There have been 63 Hall of Fame players who also have managed in the major leagues. Three were in the original class of five Hall of Famers chosen for 1936: Ty Cobb, Honus Wagner and Walter Johnson.
Three more have been elected to the Hall of Fame in their first year of eligibility and have managed in the majors:
Frank Robinson became baseball’s first black manager as a player-manager with Cleveland in 1975, and would manage 16 seasons for five teams. Ted Williams managed the second version of the Washington Senators from 1969 to 1971, and followed them to Texas to manage the Rangers in 1972.
And No. 3 … Yogi Berra? Don’t blame me, but the stubborn voting members among the baseball writers of the early 1970s did not give Yogi the required 75 percent in his first year of eligibility.
The third first-time Hall of Fame player to manage in the major leagues since the originals currently resides in the Twins clubhouse. Paul Molitor stopped playing in 1998 at age 42, waited the five years, and was inducted into the Cooperstown shrine in 2004.
It would be another decade before he would become a big-league manager — the Twins made the announcement on Nov. 3, 2014 — and the players who remained and knew him through competition were very few.
Molitor beat the odds by leading the Twins to a wild-card playoff appearance in 2017, both winning the American League’s Manager of the Year award and saving his job.
He was the first player to get five hits in a World Series game (in the first he played as a Brewer in 1982), he was the first player to have a triple for his 3,000th hit (in September 1996 for the Twins), and we recently had another first for Molitor.

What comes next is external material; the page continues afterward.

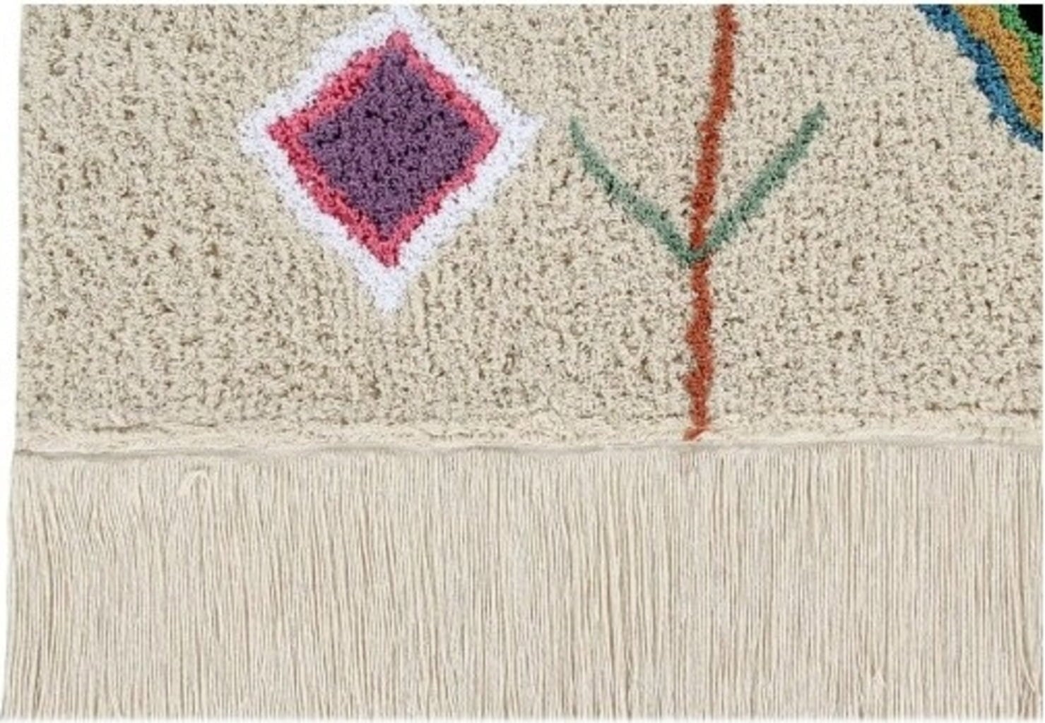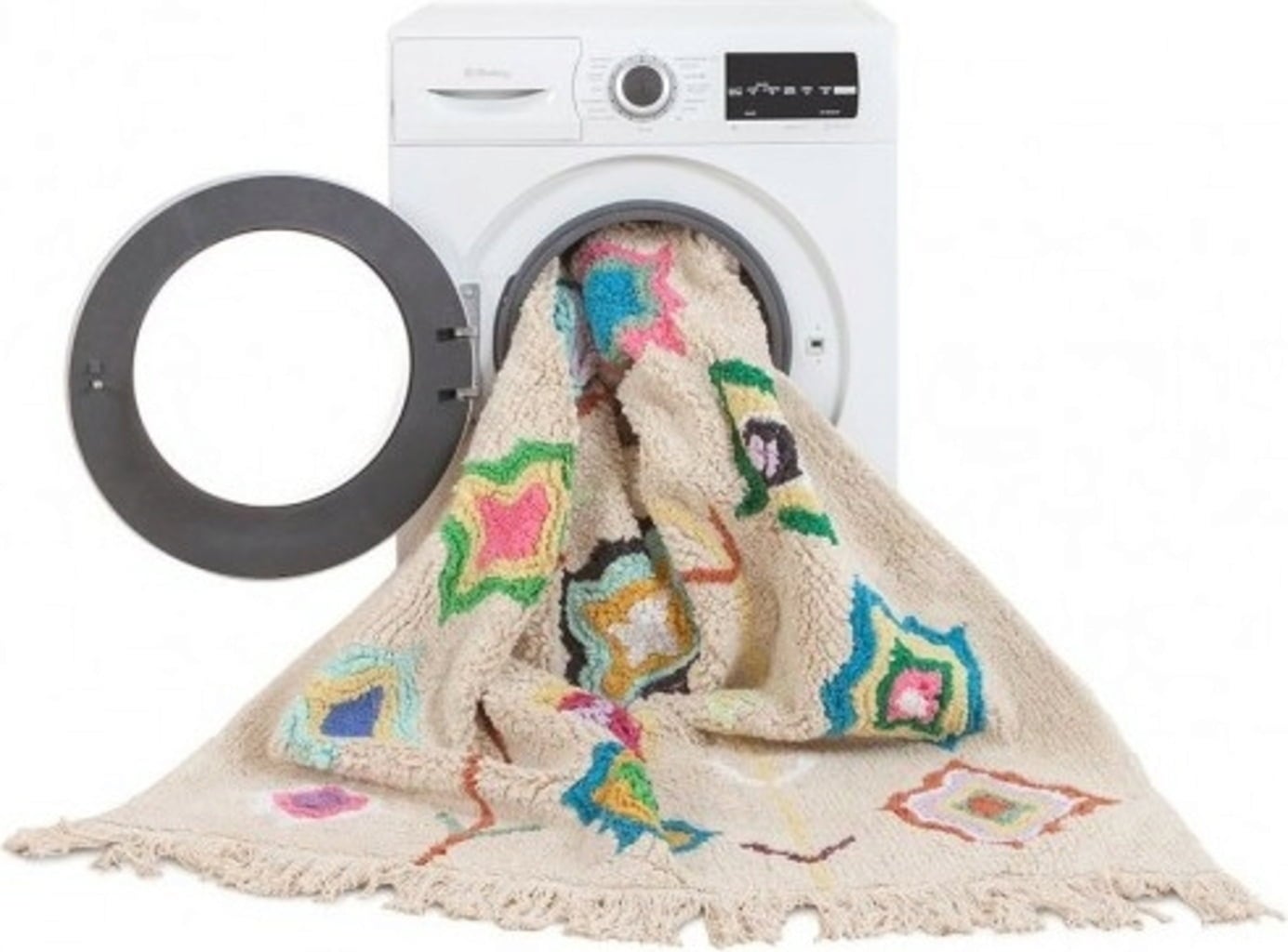 Met dit kleurrijke en rijkelijk met de hand geknoopte vloerkleed dompel je je huis onder in de magie van Marokko. De ingewikkelde afwerking en het unieke ontwerp maken dit tapijt tot een heel bijzonder woonaccessoire met een ongeëvenaarde charme.

Games had not yet started, the day’s workout was done, and sportswriters were crowded in Molitor’s office, asking questions tied to no major topics. And around 12:30 p.m. EST on Feb. 20, 2018, Molitor had a response that took note of his greatness as a player.
It was sideways and funny, and also a first in the recollection of media witnesses.
“He hates it when we ask him something about how being a great player relates to this or that as a manager,’’ said Phil Miller, the co-star of Star Tribune baseball coverage with La Velle Neal. “He doesn’t want to go there.’’
This was a month before new closer Fernando Rodney would turn 41 and Miller asked: “At Rodney’s age, will there be any concessions made to that at all?’’
Molitor started by saying, “No, I like people who … ’
Then, after a lengthy pause, he continued with, “Somebody in this room hit .340 when they were 40.’’
There were laughs from his audience, and the manager added, “I don’t know why I threw that in there.’’
He threw it in for the best possible reason: It happened.
In 1996, in his first season back home with the Twins, Molitor led the American League with 225 hits and batted .341, and was declared “a moving clinic’’ of playing baseball by manager and noted critic Tom Kelly.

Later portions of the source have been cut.